> [WHAT THE TASK ASKS]:
Take the lines from the one with "SWITZERLAND, Bern, 5" to the end of the listing, both ends included, and quote them exactly, leaving pictures out.

*** DATASET EXTRACT ***

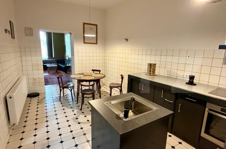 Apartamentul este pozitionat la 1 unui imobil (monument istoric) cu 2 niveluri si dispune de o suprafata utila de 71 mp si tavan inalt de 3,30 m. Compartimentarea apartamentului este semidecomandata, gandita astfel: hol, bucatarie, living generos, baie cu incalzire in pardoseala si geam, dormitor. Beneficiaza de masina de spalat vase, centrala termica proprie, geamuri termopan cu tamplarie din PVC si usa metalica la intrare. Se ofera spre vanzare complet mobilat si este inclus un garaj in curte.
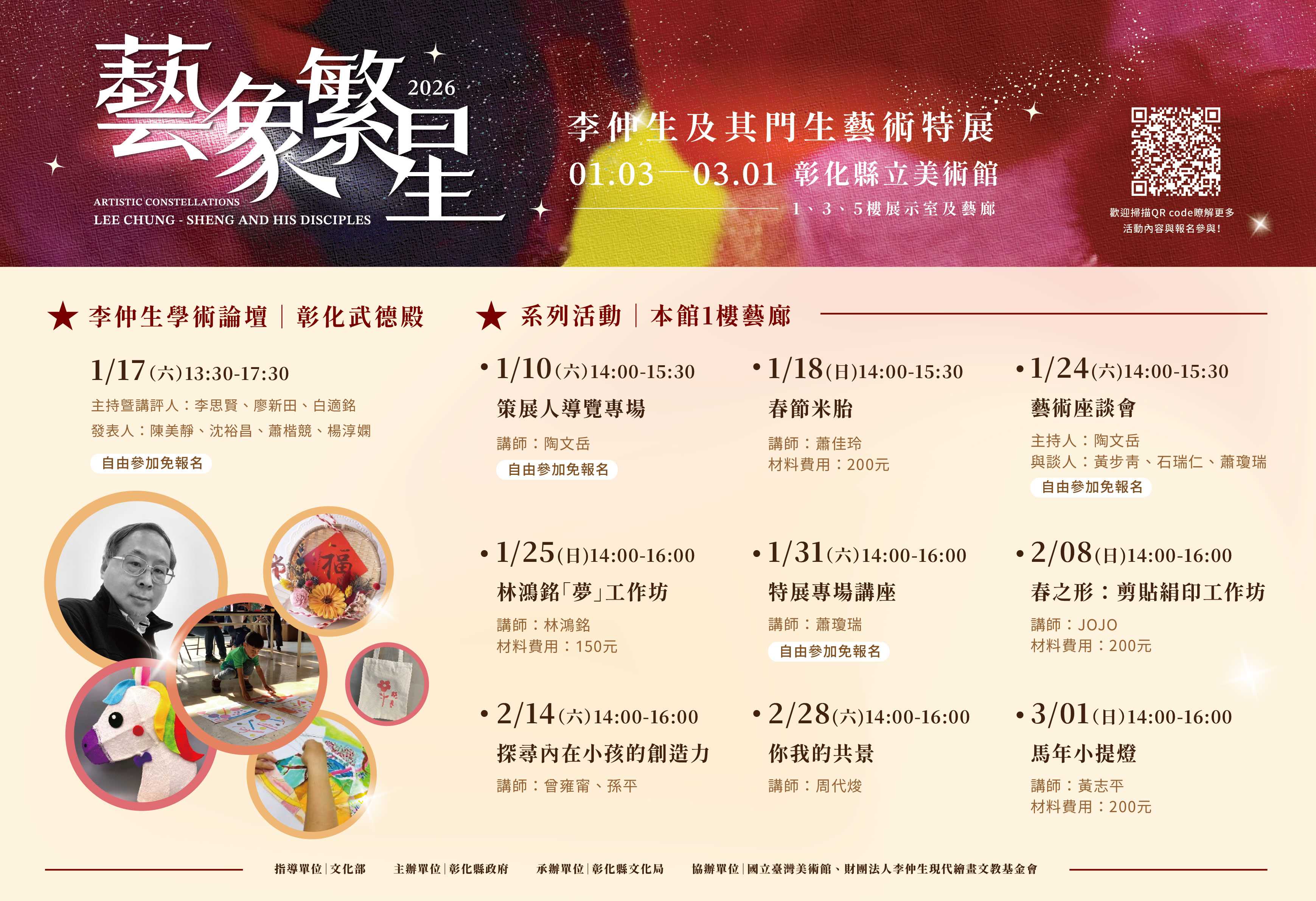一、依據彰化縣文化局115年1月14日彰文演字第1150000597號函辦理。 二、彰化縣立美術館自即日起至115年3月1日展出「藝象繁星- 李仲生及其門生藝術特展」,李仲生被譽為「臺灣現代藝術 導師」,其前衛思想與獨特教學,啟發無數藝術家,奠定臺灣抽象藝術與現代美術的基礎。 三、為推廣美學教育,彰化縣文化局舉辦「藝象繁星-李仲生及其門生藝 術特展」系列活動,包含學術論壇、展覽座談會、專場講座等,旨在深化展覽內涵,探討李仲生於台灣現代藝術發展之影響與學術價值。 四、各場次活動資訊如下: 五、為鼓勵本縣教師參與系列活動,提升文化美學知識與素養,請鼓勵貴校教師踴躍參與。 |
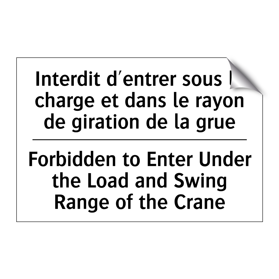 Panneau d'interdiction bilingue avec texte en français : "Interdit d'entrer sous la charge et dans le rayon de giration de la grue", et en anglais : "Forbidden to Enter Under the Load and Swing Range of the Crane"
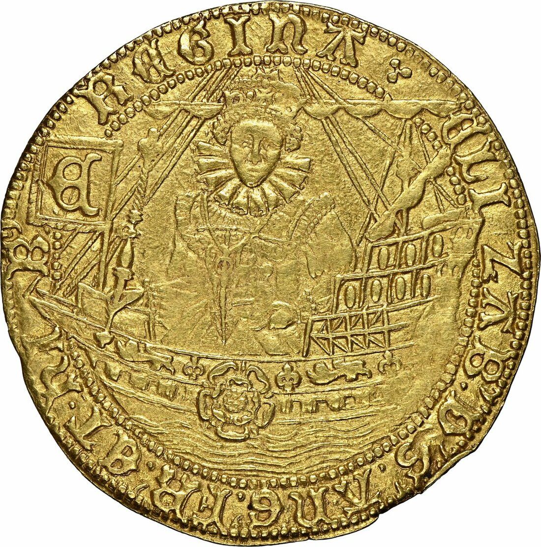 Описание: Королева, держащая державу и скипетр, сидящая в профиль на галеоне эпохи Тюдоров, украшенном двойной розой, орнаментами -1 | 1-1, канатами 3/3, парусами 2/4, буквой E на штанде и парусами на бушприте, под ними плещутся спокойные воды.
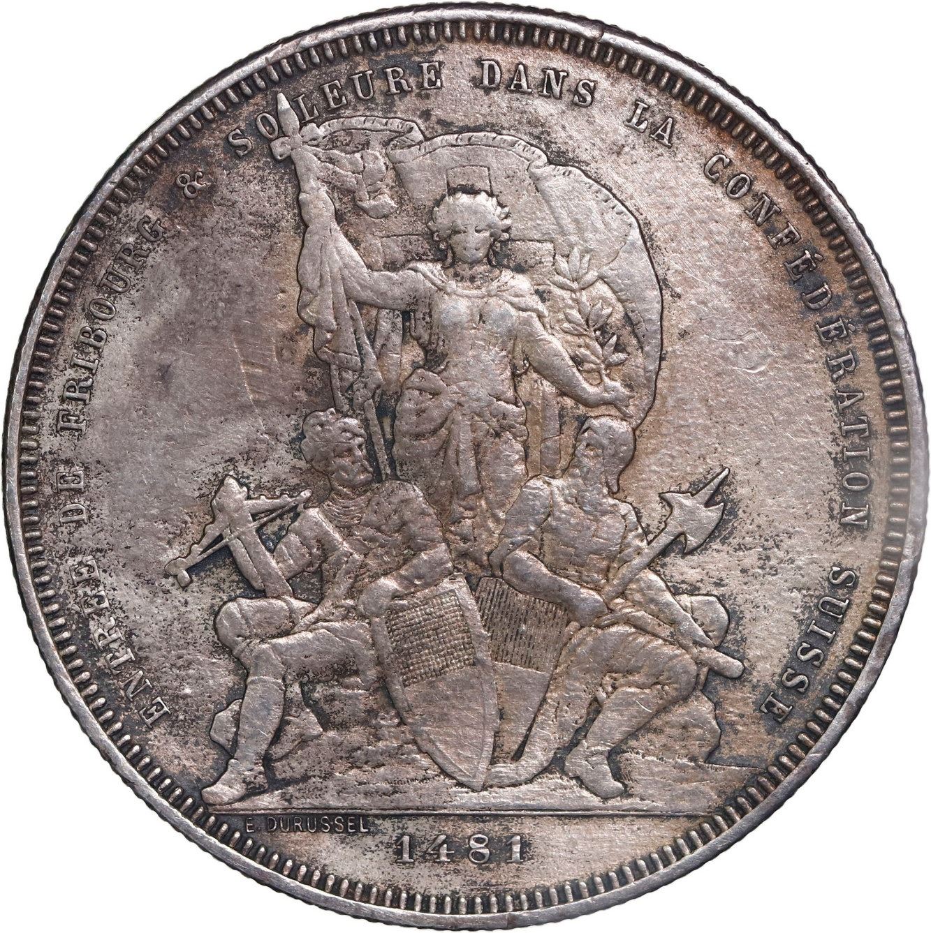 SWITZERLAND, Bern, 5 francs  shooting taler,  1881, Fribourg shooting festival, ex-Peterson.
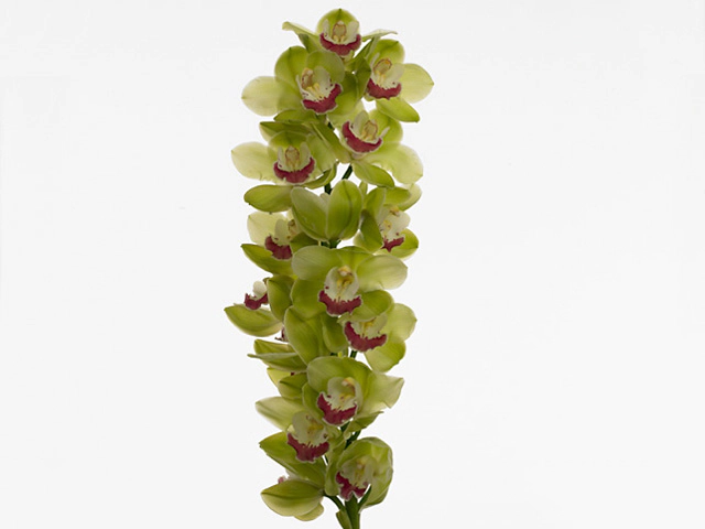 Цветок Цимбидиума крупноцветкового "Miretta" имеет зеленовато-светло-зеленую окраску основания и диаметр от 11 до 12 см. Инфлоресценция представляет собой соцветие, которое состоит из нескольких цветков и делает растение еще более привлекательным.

***

> [SOLUTION FOR THIS TASK]:
 SWITZERLAND, Bern, 5 francs  shooting taler,  1881, Fribourg shooting festival, ex-Peterson.
 Цветок Цимбидиума крупноцветкового "Miretta" имеет зеленовато-светло-зеленую окраску основания и диаметр от 11 до 12 см. Инфлоресценция представляет собой соцветие, которое состоит из нескольких цветков и делает растение еще более привлекательным.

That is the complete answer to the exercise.